**Problem to solve**
Please make an exact copy of the lines from the one holding "大家好,最后一天,关于最后一天的简介很多人还不知道,现在让我们一起来看看吧!" through the end of the data, both ends included, with no pictures.

Source data

☆ ☆ ☆ ☆

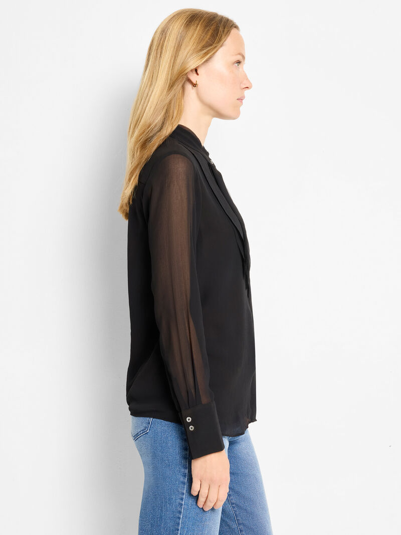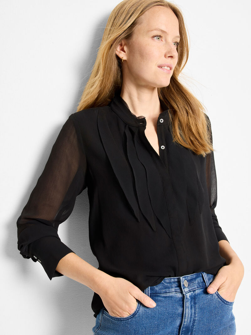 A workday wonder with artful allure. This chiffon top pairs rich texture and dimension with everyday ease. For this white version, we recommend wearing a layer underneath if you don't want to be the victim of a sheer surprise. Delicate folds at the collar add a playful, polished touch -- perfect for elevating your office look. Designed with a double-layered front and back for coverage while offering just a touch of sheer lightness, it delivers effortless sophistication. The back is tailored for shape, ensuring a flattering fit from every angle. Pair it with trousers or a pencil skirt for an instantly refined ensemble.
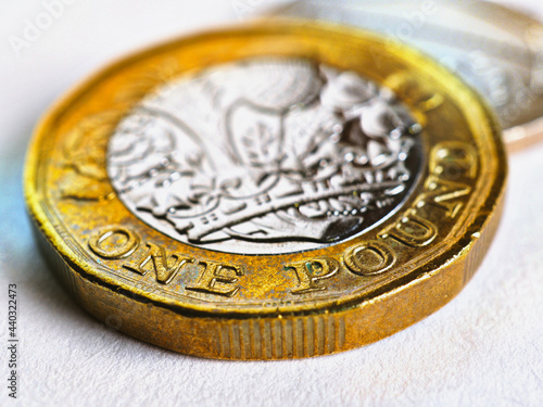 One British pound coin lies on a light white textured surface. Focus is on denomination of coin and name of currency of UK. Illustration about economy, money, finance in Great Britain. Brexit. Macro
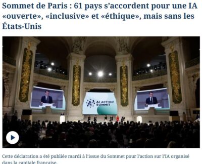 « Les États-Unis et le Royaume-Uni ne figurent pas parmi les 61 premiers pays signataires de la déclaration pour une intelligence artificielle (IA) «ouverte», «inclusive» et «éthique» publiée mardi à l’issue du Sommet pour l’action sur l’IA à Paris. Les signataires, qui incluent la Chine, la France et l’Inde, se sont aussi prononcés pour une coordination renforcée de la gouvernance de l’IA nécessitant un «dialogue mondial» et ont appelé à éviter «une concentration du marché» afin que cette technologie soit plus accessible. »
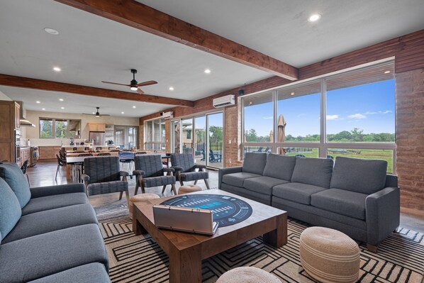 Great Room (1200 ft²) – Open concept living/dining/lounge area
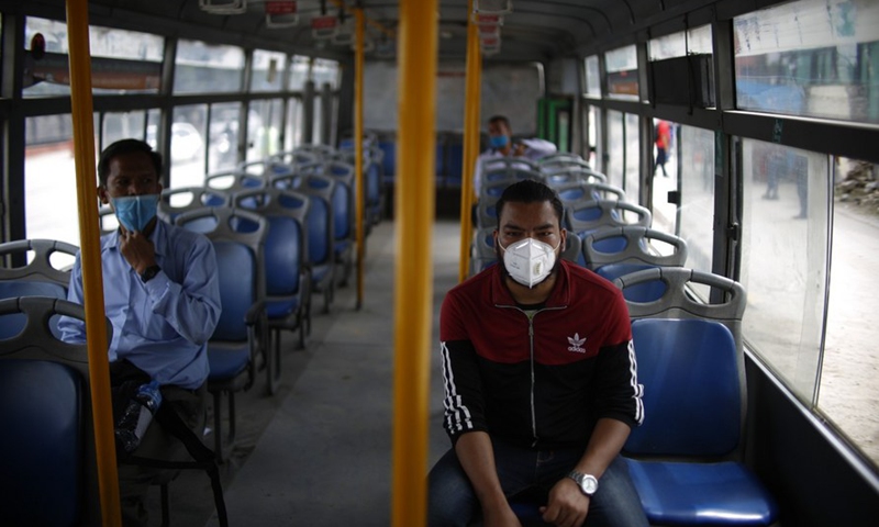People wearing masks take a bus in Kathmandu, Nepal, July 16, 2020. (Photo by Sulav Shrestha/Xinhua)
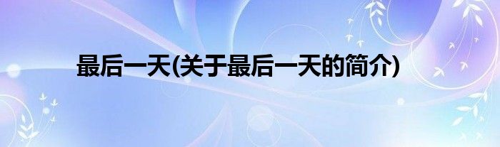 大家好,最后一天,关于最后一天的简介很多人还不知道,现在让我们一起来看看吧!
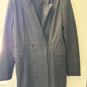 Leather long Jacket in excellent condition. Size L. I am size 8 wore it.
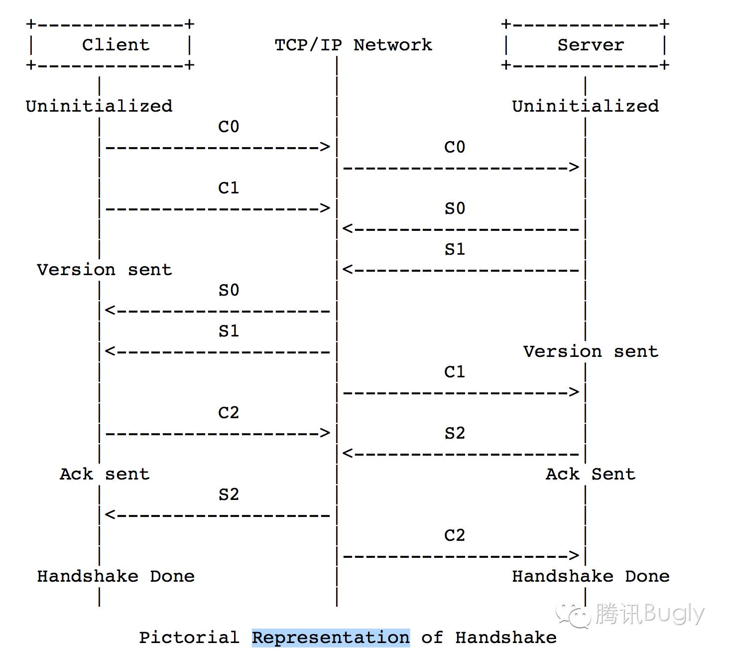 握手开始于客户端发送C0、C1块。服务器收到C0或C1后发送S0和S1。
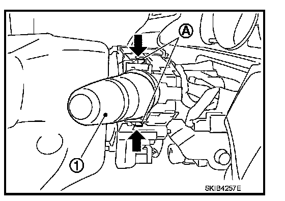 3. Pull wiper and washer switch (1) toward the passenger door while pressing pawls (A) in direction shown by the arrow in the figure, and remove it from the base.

☆ ☆ ☆ ☆

**Result of the task**
 大家好,最后一天,关于最后一天的简介很多人还不知道,现在让我们一起来看看吧!
 Leather long Jacket in excellent condition. Size L. I am size 8 wore it.
 握手开始于客户端发送C0、C1块。服务器收到C0或C1后发送S0和S1。
 3. Pull wiper and washer switch (1) toward the passenger door while pressing pawls (A) in direction shown by the arrow in the figure, and remove it from the base.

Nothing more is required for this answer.